__RECORDS FOR THE TASK__:
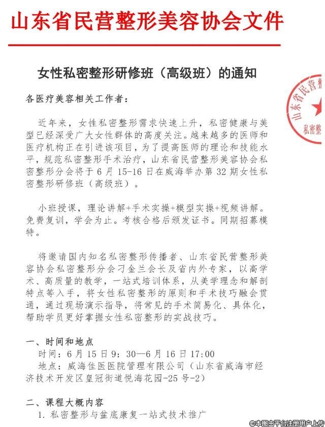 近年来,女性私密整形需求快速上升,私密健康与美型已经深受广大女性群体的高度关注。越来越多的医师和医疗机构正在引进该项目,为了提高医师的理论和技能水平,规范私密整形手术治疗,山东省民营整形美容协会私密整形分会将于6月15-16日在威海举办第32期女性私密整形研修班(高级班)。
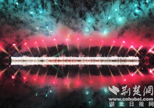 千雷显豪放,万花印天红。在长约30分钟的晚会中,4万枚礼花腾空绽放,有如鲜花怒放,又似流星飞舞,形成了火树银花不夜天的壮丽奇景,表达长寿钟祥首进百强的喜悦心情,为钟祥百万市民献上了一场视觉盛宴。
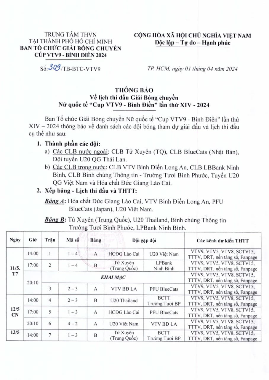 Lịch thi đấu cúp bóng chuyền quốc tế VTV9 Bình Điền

* * *

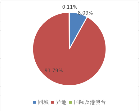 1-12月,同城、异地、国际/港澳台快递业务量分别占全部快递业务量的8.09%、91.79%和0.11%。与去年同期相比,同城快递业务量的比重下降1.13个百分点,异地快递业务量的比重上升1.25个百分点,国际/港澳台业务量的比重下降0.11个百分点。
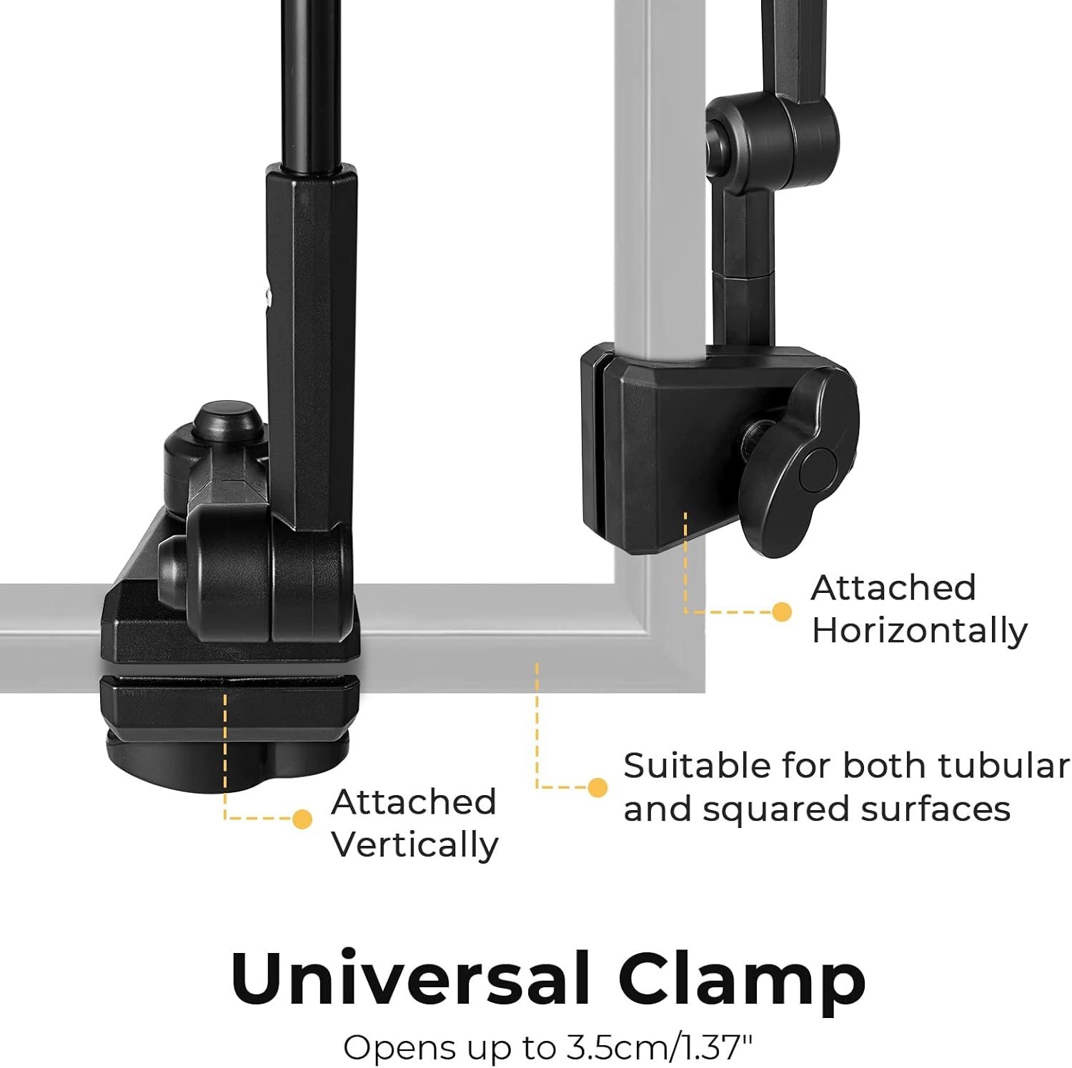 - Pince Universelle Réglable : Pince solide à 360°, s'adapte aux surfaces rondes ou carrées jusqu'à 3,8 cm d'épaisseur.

__WHAT IS REQUIRED__: Return only the part above that opens with the line containing "1-12月,同城、异地、国际" and closes with the line containing "- Pince Universelle", exactly and with both ends, skipping the pictures.

__RESPONSE TO THIS TASK__:
 1-12月,同城、异地、国际/港澳台快递业务量分别占全部快递业务量的8.09%、91.79%和0.11%。与去年同期相比,同城快递业务量的比重下降1.13个百分点,异地快递业务量的比重上升1.25个百分点,国际/港澳台业务量的比重下降0.11个百分点。
 - Pince Universelle Réglable : Pince solide à 360°, s'adapte aux surfaces rondes ou carrées jusqu'à 3,8 cm d'épaisseur.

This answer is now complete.